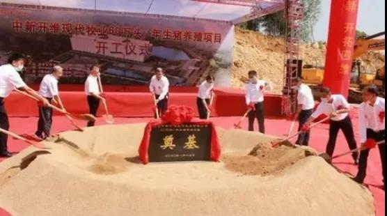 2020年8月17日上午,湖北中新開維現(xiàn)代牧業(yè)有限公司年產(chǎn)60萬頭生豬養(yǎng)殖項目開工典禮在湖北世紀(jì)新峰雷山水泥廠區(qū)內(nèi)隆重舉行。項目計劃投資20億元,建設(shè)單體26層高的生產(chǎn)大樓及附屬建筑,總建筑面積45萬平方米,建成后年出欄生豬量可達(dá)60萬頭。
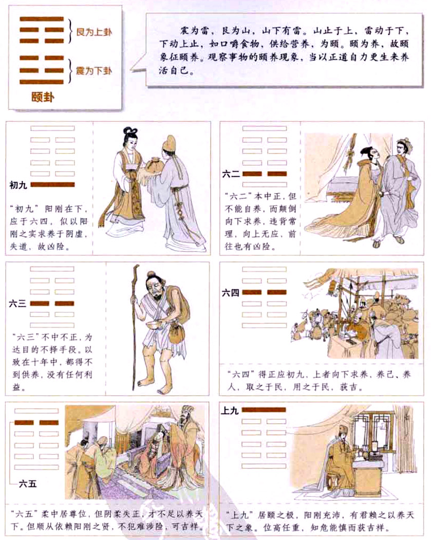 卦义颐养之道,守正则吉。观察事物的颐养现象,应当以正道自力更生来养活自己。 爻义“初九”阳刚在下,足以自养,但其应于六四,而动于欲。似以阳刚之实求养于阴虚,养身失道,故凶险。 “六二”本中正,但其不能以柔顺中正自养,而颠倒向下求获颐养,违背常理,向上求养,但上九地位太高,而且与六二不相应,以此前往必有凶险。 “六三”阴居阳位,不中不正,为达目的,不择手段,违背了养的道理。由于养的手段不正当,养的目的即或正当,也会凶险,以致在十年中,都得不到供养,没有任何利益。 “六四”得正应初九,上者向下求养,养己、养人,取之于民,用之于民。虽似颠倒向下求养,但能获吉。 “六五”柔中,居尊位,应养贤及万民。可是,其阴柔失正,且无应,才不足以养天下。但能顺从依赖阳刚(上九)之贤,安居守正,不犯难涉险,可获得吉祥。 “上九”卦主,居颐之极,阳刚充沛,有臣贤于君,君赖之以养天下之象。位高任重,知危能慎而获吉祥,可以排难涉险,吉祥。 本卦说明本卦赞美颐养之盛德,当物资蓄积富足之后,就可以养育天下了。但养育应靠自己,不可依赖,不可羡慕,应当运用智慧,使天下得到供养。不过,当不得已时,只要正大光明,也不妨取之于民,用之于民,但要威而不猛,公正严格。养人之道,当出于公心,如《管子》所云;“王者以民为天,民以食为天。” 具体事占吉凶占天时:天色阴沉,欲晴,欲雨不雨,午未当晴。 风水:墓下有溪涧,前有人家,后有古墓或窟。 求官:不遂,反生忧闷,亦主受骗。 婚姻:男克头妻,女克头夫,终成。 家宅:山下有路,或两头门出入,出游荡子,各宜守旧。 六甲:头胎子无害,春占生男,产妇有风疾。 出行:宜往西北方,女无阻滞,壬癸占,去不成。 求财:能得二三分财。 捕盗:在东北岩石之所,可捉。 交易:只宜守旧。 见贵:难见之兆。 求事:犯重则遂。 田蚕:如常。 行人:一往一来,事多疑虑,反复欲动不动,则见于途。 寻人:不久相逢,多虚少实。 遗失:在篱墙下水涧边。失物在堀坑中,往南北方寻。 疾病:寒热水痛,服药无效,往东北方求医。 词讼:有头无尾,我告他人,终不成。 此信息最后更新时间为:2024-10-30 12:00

◆ ◆ ◆ ◆ ◆

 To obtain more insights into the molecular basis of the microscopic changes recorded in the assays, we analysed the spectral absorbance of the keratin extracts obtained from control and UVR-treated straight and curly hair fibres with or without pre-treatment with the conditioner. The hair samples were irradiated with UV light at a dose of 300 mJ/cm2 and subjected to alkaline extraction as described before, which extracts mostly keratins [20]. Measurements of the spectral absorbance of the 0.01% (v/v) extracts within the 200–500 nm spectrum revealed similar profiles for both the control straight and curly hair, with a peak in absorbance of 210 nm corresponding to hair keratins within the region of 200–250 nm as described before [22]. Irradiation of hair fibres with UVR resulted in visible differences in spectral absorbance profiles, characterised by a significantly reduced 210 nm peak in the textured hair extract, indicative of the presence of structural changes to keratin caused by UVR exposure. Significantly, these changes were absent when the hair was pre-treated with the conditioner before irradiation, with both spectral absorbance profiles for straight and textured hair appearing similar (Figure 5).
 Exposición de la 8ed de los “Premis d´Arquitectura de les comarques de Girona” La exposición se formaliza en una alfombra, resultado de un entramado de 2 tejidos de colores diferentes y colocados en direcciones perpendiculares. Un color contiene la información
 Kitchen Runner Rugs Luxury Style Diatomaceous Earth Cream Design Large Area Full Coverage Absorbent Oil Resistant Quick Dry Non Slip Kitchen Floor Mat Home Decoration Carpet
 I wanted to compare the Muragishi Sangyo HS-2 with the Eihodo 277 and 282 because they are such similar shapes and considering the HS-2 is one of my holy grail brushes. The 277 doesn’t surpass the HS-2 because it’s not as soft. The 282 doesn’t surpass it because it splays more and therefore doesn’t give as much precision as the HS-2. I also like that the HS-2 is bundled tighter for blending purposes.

◆ ◆ ◆ ◆ ◆

*What you will do*
Using the data above, reproduce exactly the lines between those holding "Kitchen Runner Rugs" and "I wanted to", inclusive, and no others.

*Result of this task*
 Kitchen Runner Rugs Luxury Style Diatomaceous Earth Cream Design Large Area Full Coverage Absorbent Oil Resistant Quick Dry Non Slip Kitchen Floor Mat Home Decoration Carpet
 I wanted to compare the Muragishi Sangyo HS-2 with the Eihodo 277 and 282 because they are such similar shapes and considering the HS-2 is one of my holy grail brushes. The 277 doesn’t surpass the HS-2 because it’s not as soft. The 282 doesn’t surpass it because it splays more and therefore doesn’t give as much precision as the HS-2. I also like that the HS-2 is bundled tighter for blending purposes.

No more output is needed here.